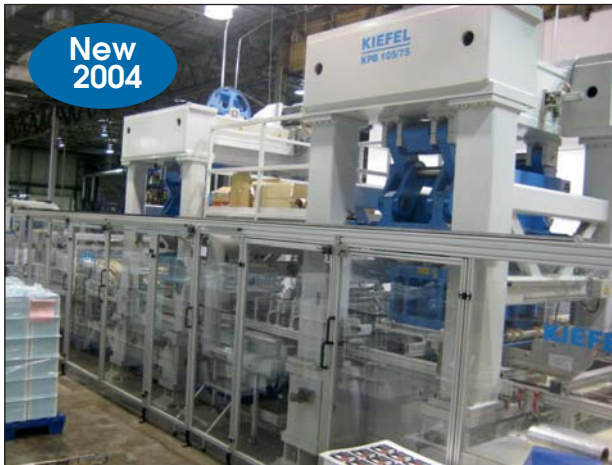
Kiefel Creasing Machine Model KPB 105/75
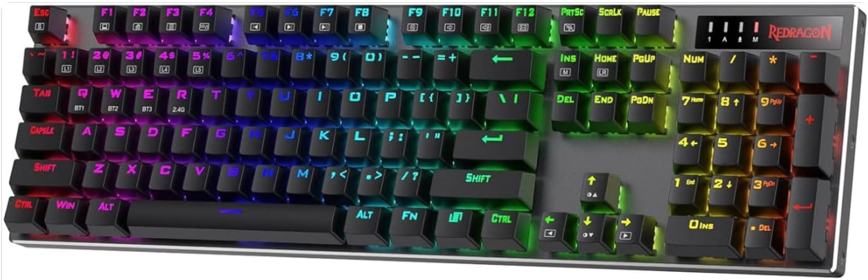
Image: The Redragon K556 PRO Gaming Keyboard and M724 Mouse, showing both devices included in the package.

--

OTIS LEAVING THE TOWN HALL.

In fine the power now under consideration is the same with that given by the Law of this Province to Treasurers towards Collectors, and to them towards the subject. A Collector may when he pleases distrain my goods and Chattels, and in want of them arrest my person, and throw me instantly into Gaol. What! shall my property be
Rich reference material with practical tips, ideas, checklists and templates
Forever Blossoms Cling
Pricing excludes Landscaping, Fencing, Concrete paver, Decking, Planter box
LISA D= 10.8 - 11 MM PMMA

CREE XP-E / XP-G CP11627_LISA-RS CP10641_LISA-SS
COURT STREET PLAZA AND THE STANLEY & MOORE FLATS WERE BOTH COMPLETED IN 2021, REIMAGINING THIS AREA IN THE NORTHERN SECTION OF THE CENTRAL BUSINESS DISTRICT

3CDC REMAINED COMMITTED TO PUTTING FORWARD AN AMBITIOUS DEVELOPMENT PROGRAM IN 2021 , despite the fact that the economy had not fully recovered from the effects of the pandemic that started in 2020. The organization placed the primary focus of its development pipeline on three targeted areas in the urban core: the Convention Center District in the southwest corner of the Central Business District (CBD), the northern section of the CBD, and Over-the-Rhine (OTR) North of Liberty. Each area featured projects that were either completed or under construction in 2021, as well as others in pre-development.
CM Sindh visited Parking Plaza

- **The problem**
Reproduce exactly the entries above, limited to the lines from the one with "In fine the" through the one with "COURT STREET PLAZA", both included.

- **Exercise result**
In fine the power now under consideration is the same with that given by the Law of this Province to Treasurers towards Collectors, and to them towards the subject. A Collector may when he pleases distrain my goods and Chattels, and in want of them arrest my person, and throw me instantly into Gaol. What! shall my property be
Rich reference material with practical tips, ideas, checklists and templates
Forever Blossoms Cling
Pricing excludes Landscaping, Fencing, Concrete paver, Decking, Planter box
LISA D= 10.8 - 11 MM PMMA

CREE XP-E / XP-G CP11627_LISA-RS CP10641_LISA-SS
COURT STREET PLAZA AND THE STANLEY & MOORE FLATS WERE BOTH COMPLETED IN 2021, REIMAGINING THIS AREA IN THE NORTHERN SECTION OF THE CENTRAL BUSINESS DISTRICT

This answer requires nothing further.